9. As regards the fourth ground, no facts are stated in the notification. In the return, however, opponent No. 1 has stated that the Municipal Committee was indebted to Government and as such the Committee had to submit its budget to the Deputy Commissioner not later than February 15, 1956 (vide Rule 5 of the rules under Sections 86 and 176(2)(iv) of the Act). The Committee actually submitted the budget to the Deputy Commissioner on March 12, 1956, and thus contravened the provisions of Rule 3. Though that is so, that contravention is not made a ground in the notification but something else which is not made out. Thus, this ground also is not established.

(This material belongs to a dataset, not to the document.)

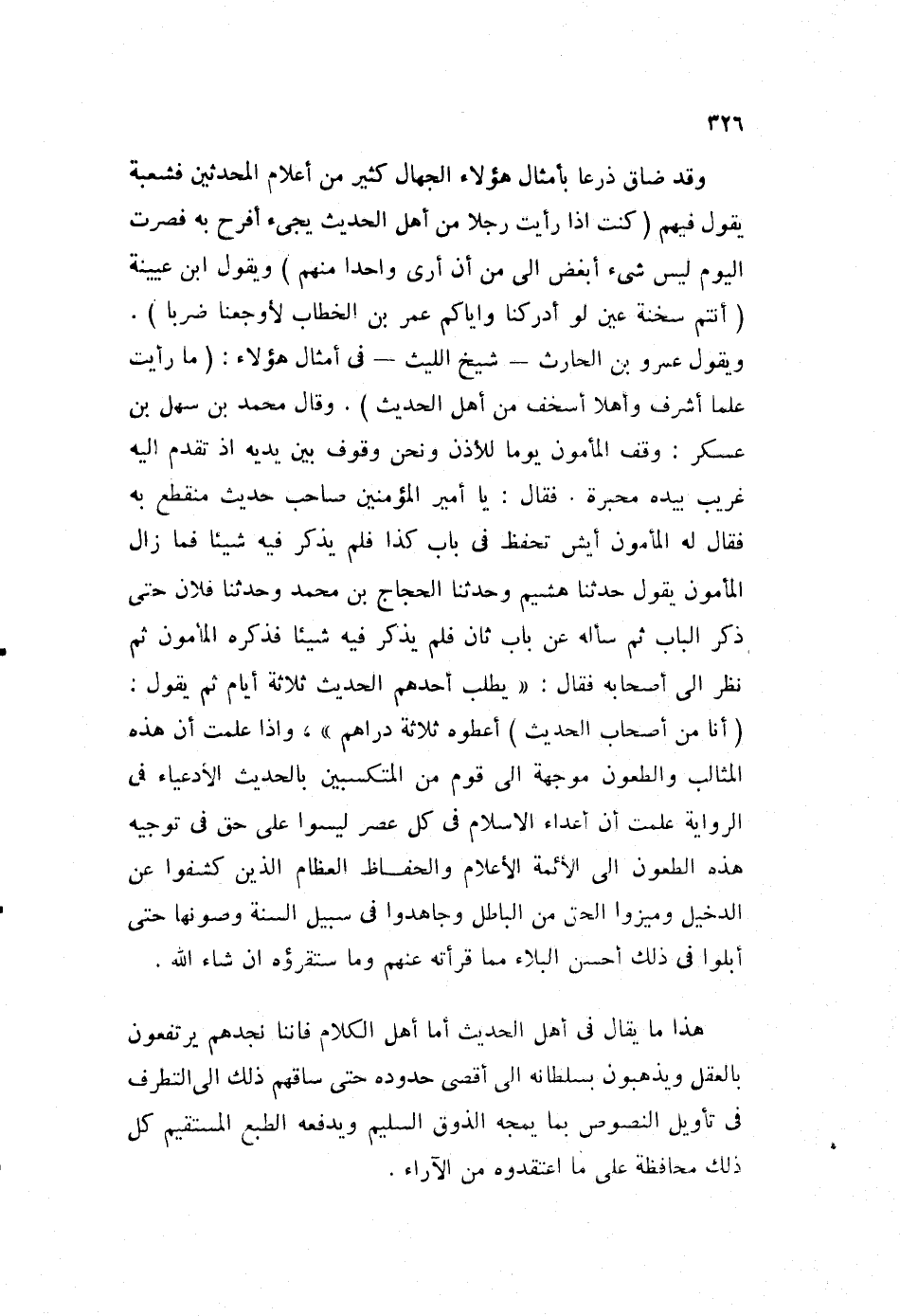 هذا ما يقال في أهل الحديث، أما أهل الكلام فإننا نجدهم يرتفعون بالعقل، ويذهبون بسلطانه إلى أقصى حدوده حى ساقهم ذلك إلى التطرف في تأويل النصوص بما يمجه الذوق السليم، ويدفعه الطبع المستقيم كل ذلك محافظة على ما اعتقدوه من الآراء.

10. As regards the fifth ground mentioned in the notification, again the facts are not stated in the notification. The facts stated by opponant No. 1 in their return are that the budget was passed by the General Committee on February 17, 1956. It was not adhered to. On June 11, 1956, the General Committee approved certain alterations in the budget by passing a reappropriation budget as suggested by the President in his letter dated March 12, 1956. The action of the Municipal Committee, according to opponent No. 1, contravened the provisions of Section 84-A of the Act. Section 34-A of the Act provides that no subject once finally disposed of by a committee shall be reconsidered by it within six months unless the recorded consent of not less than three-fourths of its members has been obtained thereto, or unless the Provincial Government has directed its reconsideration. Now, in our view, Section 34-A has no application when we are dealing with a budget as specific and separate provisions arc made relating thereto in the rules framed under Sections 86 and 176(2)(iv) of the Act. These rules will, therefore, govern the case of a budget or reappropriation statements. Note (2) below Rule 6 framed under Sections 86 and 176(2)(iv) of the Act provides that reappropriation statements must be submitted as soon as the necessity for the same is foreseen and not after the expenditure has been taken in hand. Now, if the reappropriation statement is to be submitted as soon as the necessity therefor arises, it cannot be said that though there is necessity the reappropriation statement cannot be passed within six months of the passing of the budget. Now, in the instant case, it has got to be remembered that the Municipal Committee is indebted to the Government. The budget estimates have got to be submitted to Government for their sanction beforehand, and if the Municipal Committee feels the necessity of effecting certain changes in the budget once passed, it would be doing only the right thing in submitting its reappropriation statements as soon as it feels that necessity. It is not the case of opponent No. 1 that any expenditure has been incurred by the Municipal Committee without the reappropriation statements having been sanctioned by the Government. The fifth instance, therefore, is not made out on the facts stated in the return.
11. Since none of the grounds has been made out, we are clear that action under Section 53-A was wholly unjustified.
12. In the result, the petition is allowed with costs and the notification No. 4638-5656-M-XIII, dated October 10, 1956, is quashed. The petitioner will be entitled to a refund of the amount of the security deposit made by him after deducting the costs payable by him.